Les médias israéliens ont fait état pour leur part de 22 à 23 morts, dont plusieurs écoliers, mais, le directeur de l'hôpital du camp de Rafah, le Dr Ali Moussah, a contesté ce bilan, tout en estimant que le nombre de morts augmenterait sans doute, au vu de l'état de certains blessés.
Les tirs de missiles, provenant d'un hélicoptère, selon certains, d'un char, selon d'autres, ont semé la panique parmi la foule qui manifestait contre la destruction par des bulldozers de l'armée de centaines d'habitations dans le quartier de Tel Sultan, en lisière de la frontière égyptienne.
Selon un témoin, au moins trois missiles ont été tirés. Les corps de victimes ont été déchiquetés. Les manifestants se sont rués vers des abris, certains emmenant avec eux des blessés maculés de sang.
"L'armée israélienne enquête sur cet incident. Il s'est produit dans une zone de combat truffée d'engins explosifs déposés par avance par les Palestiniens. Il est encore trop tôt pour savoir ce qui s'est réellement passé à Rafah", a déclaré à Reuters un porte-parole de Tsahal, le capitaine Sharon Feingold.
Cet incident porte à au moins 33 - un bilan sans aucun précédent - le nombre de Palestiniens tués depuis le début, mardi, de ce qui apparaît comme l'opération la plus massive de l'armée israélienne à Gaza en 37 ans d'occupation de ce territoire.
Les hôpitaux du camp sont débordés par le nombre de blessés et les cadavres ont parfois été stockés dans des congélateurs de commerces voisins transformés en morgues improvisées pour les préserver de la chaleur.
Quelques heures plus tôt, l'armée, qui encercle le camp de réfugiés de Rafah, avait lancé par haut-parleurs des appels à la reddition de tous les activistes palestiniens, leur intimant l'ordre de sortir de leurs cachettes en agitant des drapeaux blancs.
CONDAMNATION INTERNATIONALE
Les soldats, qui poursuivent leur traque systématique des activistes maison par maison, ont ordonné le regroupement dans une école locale de tous les hommes âgés de plus de 16 ans, rapportent des témoins, bien que Tsahal dise ne rechercher que les activistes armés.
Certains habitants de Rafah ont fait état de voisins abattus sommairement par des soldats alors qu'ils émergeaient de leurs maisons conformément aux ordres des soldats.
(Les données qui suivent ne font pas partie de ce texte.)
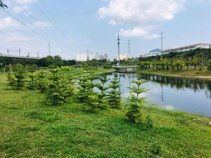 抱坡溪湿地公园位于三亚荔枝沟片区,东至技工学院路,西至师部农场路,北至海南东环线,南至荔枝沟路,规划用地总面积约28.7万平方米。园区将分为四个区,分别为入口服务区、康体运动区、生态湿地区及田园风光区。入口服务区面积约3万平方米,依据公园地形及周边用地和交通情况,全园有3处主要入口区域,包括1个主入口和2个次入口,主入口设置有特色海洋雕塑和迎宾通道,烘托主题特色;康体运动区面积约4万平方米,位于公园南北两侧,共设置了1个排球场、2个篮球场、5个羽毛球场及9个乒乓球场;生态湿地区面积约12万平方米,设计结合抱坡溪,设计了亲水栈道和亲水平台,为市民提供休闲的空间;田园风光区面积约9万平方米,结合现状稻田,设置田园观光基地,为市民提供亲近自然、放松自我的空间。入口服务区将选择盆架子、秋枫、小叶榕、高山榕、凤凰木、木棉、菩提树、雨树等乔木,体现优美、大气、自然;康体运动区将选择酸豆、雨树、榕树、麻楝、印度紫檀、火焰木、凤凰木等乔木,体现健康、活力、清新;生态湿地区将选择秋枫、乌墨、血桐、蒲桃、黄槿、红千层等主要植物,体现生态、野趣、科普;田园风光区将种植一些荔枝、龙眼、芒果、莲雾、香蕉等观赏性水果树种及芡实、荷花、南瓜、蛇瓜、丝瓜、番茄等观赏作物和观赏性瓜果,体现稻田、菜园和生态。

Selon l'armée, des hommes se rendent mais d'autres tirent aveuglément des toits des habitations.
La violence dans la bande de Gaza s'est intensifiée depuis le rejet ce mois-ci par le Likoud au pouvoir du plan du Premier ministre Ariel Sharon visant à évacuer unilatéralement le territoire palestinien capturé à l'Egypte en 1967.
La semaine dernière, Tsahal a perdu 13 hommes lors d'une incursion quasi-routinière qui a incité Sharon à lancer l'opération de vaste envergure en cours depuis mardi pour élargir le "couloir de sécurité" entre la frontière égyptienne et le camp de Rafah.
Cette opération, qui implique la démolition de centaines d'habitations, a été condamnée par la communauté internationale, de l'Union européenne à la Ligue arabe en passant par les Nations unies.
Le président George Bush, qui s'est aligné récemment sur la politique de Sharon, s'était dit mardi "troublé" par la recrudescence de la violence, mais, après les incidents de mercredi, la Maison blanche a déclaré être "très préoccupée" et avoir demandé un compte rendu des faits à Israël.